Some of the complications associated with hemophilia A include:
If hemophilia is poorly controlled, internal bleeding can occur around the joints and muscles leading to pain and stiffness. Eventually, bleeding in the joints can lead to damaged cartilage, which is the soft tissue that surrounds joints and acts as a shock absorber.
The synovium, a tissue layer inside the joint can also become damaged. This joint damage occurs more frequently in older adult patients with the condition because adequate treatment to prevent bleeding was not available in the past.
Today, children growing up with the condition can be treated with medications that will prevent joint damage.

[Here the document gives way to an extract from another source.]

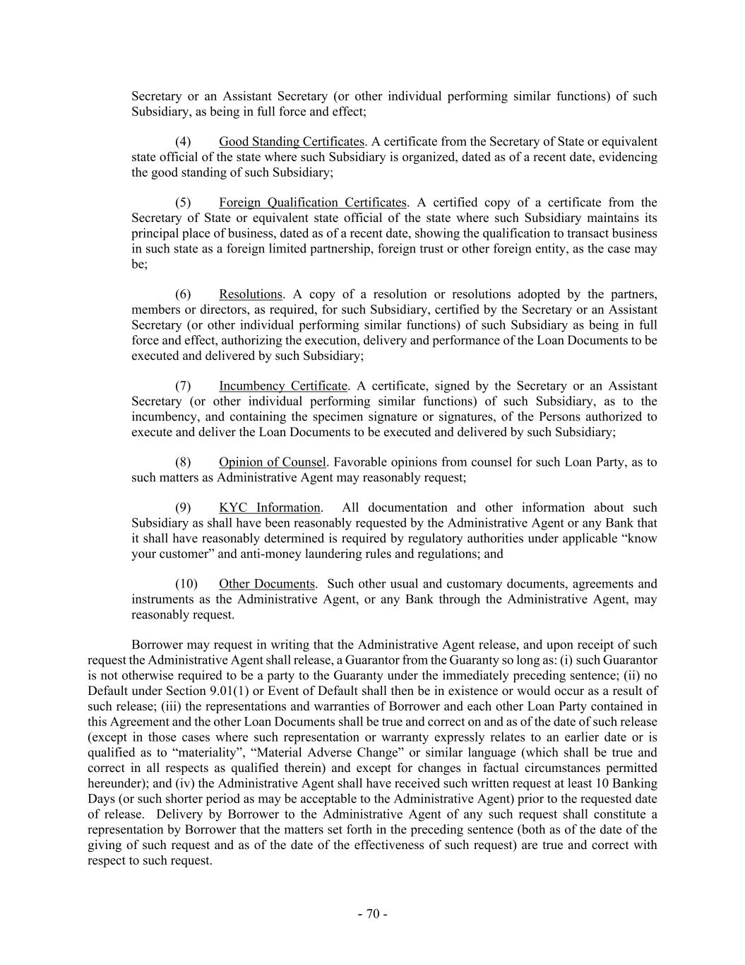 - 70 - Secretary or an Assistant Secretary (or other individual performing similar functions) of such Subsidiary, as being in full force and effect; (4) Good Standing Certificates. A certificate from the Secretary of State or equivalent state official of the state where such Subsidiary is organized, dated as of a recent date, evidencing the good standing of such Subsidiary; (5) Foreign Qualification Certificates. A certified copy of a certificate from the Secretary of State or equivalent state official of the state where such Subsidiary maintains its principal place of business, dated as of a recent date, showing the qualification to transact business in such state as a foreign limited partnership, foreign trust or other foreign entity, as the case may be; (6) Resolutions. A copy of a resolution or resolutions adopted by the partners, members or directors, as required, for such Subsidiary, certified by the Secretary or an Assistant Secretary (or other individual performing similar functions) of such Subsidiary as being in full force and effect, authorizing the execution, delivery and performance of the Loan Documents to be executed and delivered by such Subsidiary; (7) Incumbency Certificate. A certificate, signed by the Secretary or an Assistant Secretary (or other individual performing similar functions) of such Subsidiary, as to the incumbency, and containing the specimen signature or signatures, of the Persons authorized to execute and deliver the Loan Documents to be executed and delivered by such Subsidiary; (8) Opinion of Counsel. Favorable opinions from counsel for such Loan Party, as to such matters as Administrative Agent may reasonably request; (9) KYC Information. All documentation and other information about such Subsidiary as shall have been reasonably requested by the Administrative Agent or any Bank that it shall have reasonably determined is required by regulatory authorities under applicable “know your customer” and anti-money laundering rules and regulations; and (10) Other Documents. Such other usual and customary documents, agreements and instruments as the Administrative Agent, or any Bank through the Administrative Agent, may reasonably request. Borrower may request in writing that the Administrative Agent release, and upon receipt of such request the Administrative Agent shall release, a Guarantor from the Guaranty so long as: (i) such Guarantor is not otherwise required to be a party to the Guaranty under the immediately preceding sentence; (ii) no Default under Section 9.01(1) or Event of Default shall then be in existence or would occur as a result of such release; (iii) the representations and warranties of Borrower and each other Loan Party contained in this Agreement and the other Loan Documents shall be true and correct on and as of the date of such release (except in those cases where such representation or warranty expressly relates to an earlier date or is qualified as to “materiality”, “Material Adverse Change” or similar language (which shall be true and correct in all respects as qualified therein) and except for changes in factual circumstances permitted hereunder); and (iv) the Administrative Agent shall have received such written request at least 10 Banking Days (or such shorter period as may be acceptable to the Administrative Agent) prior to the requested date of release. Delivery by Borrower to the Administrative Agent of any such request shall constitute a representation by Borrower that the matters set forth in the preceding sentence (both as of the date of the giving of such request and as of the date of the effectiveness of such request) are true and correct with respect to such request.

In some cases of joint damage, surgery may be considered. For example, a damaged synovium can be removed to allow new synovial tissue to grow in its place.
If the joint damage is severe, it may be necessary to remove the entire joint, such as a hip or knee and replace it with an artificial one.

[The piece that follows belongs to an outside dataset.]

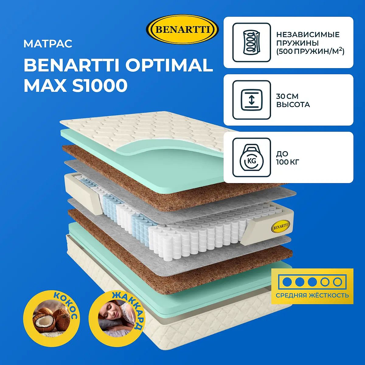 Максимальная нагрузка на спальное место, кг: до 100. Высота, см: 30. Действие пружин S1000Основу модели составляет пружинный блок S1000. Это конструкция состоит из 1000 элементов, по 500 на 1 кв. метр. Блок характеризуется повышенной анатомичностью, он позволяет позвоночнику правильно формироваться, а также дарит комфорт во время сна. Пружины в составе блока имеют одинаковую форму и длину проволоки. Они помещены в отдельные чехлы и действуют точечно.Наполнение моделиПоверхность модели средне-жесткая, она образована сочетанием кокосовой койры и искусственного латекса. Оба материала гипоаллергенные и экологически чистые. Оба характеризуются высокой степенью гигиеничности. Кокос способствует естественному положению тела на спальной поверхности, а также не позволяет телу перегреваться во время сна. Искусственный латекс смягчает кокос, формирует упруго-эластичную поддержку и создает оптимальный микроклимат на поверхности.Чехол из жаккардаВерхний слой модели – это жаккардовая ткань, простеганная на гипоаллергенном холлконе и искусственном латексе. Чехол обработан антибактериальной пропиткой, он несъемный.Защита матрасаДля защиты поверхности от загрязнений, попадания пыли и влаги на матрас рекомендуем купить защитный наматрасник-чехол или водонепроницаемый наматрасник.Другие моделиПосмотрите также другие модели с похожим наполнением: Benartti Optimal Duo S1000, Benartti Optimal Hard S1000.
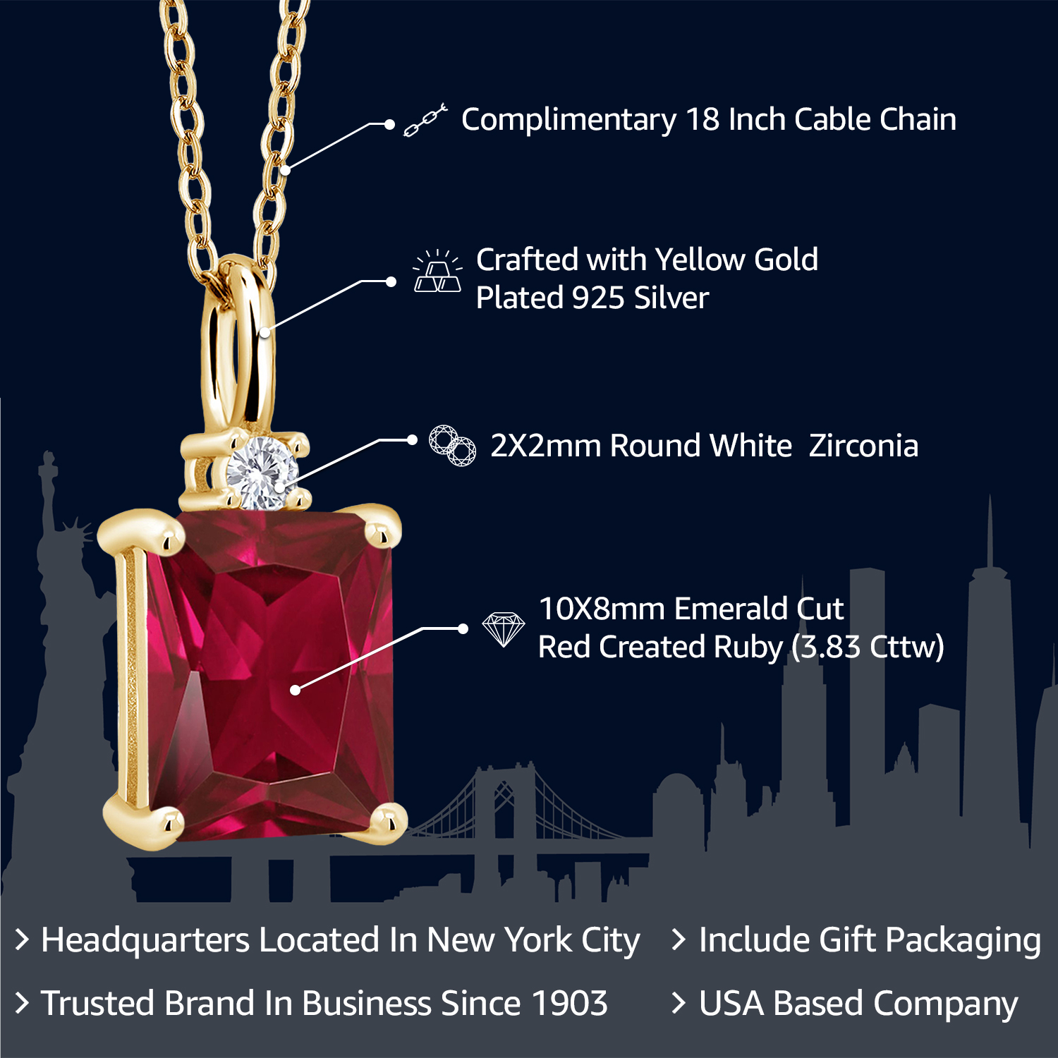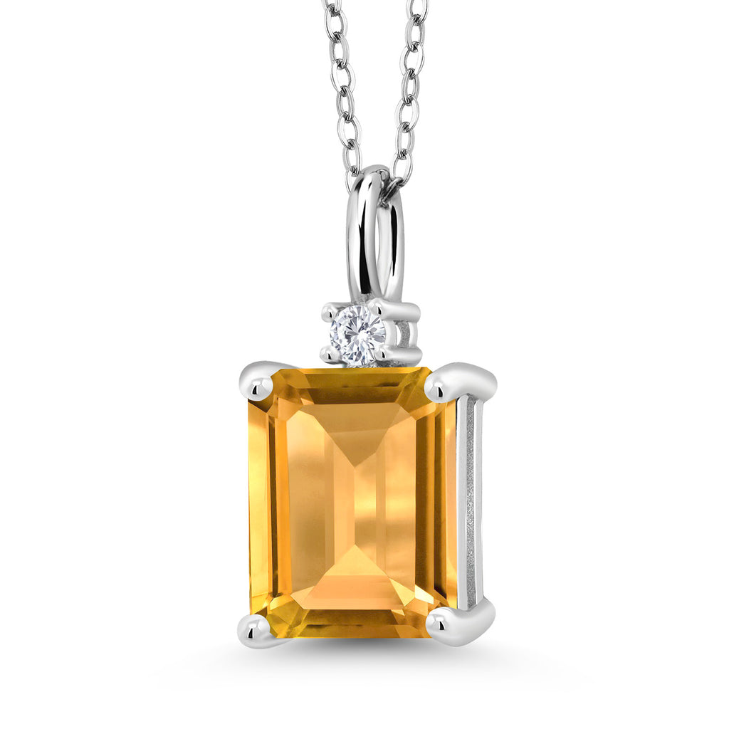 925 Sterling Silver Gemstone Birthstone Pendant Necklace for Women | Emerald Cut 10X8MM and Round 2MM | With 18 Inch Chain | Fine Jewelry for Her Mom Wife

In some patients, the blood clotting factor medication used to treat hemophilia triggers the immune system to react because it starts to recognise clotting factors as foreign bodies.
The immune system starts to produce antibodies that will inhibit the effects of clotting factors, therefore rendering the medication less effective. These antibodies are referred to as inhibitors.
Estimates show that these inhibitors develop in around 20-30% of people who receive treatment for hemophilia A and 1-3% of those who are treated for hemophila B.
Inhibitors usually occur within the first year of treatment, although they can develop after this period.
In many cases, the inhibitors only occur temporarily, but the problem can be managed with immune tolerance therapy (ITT) which involves daily injections of octocog alfa (for hemophilia A).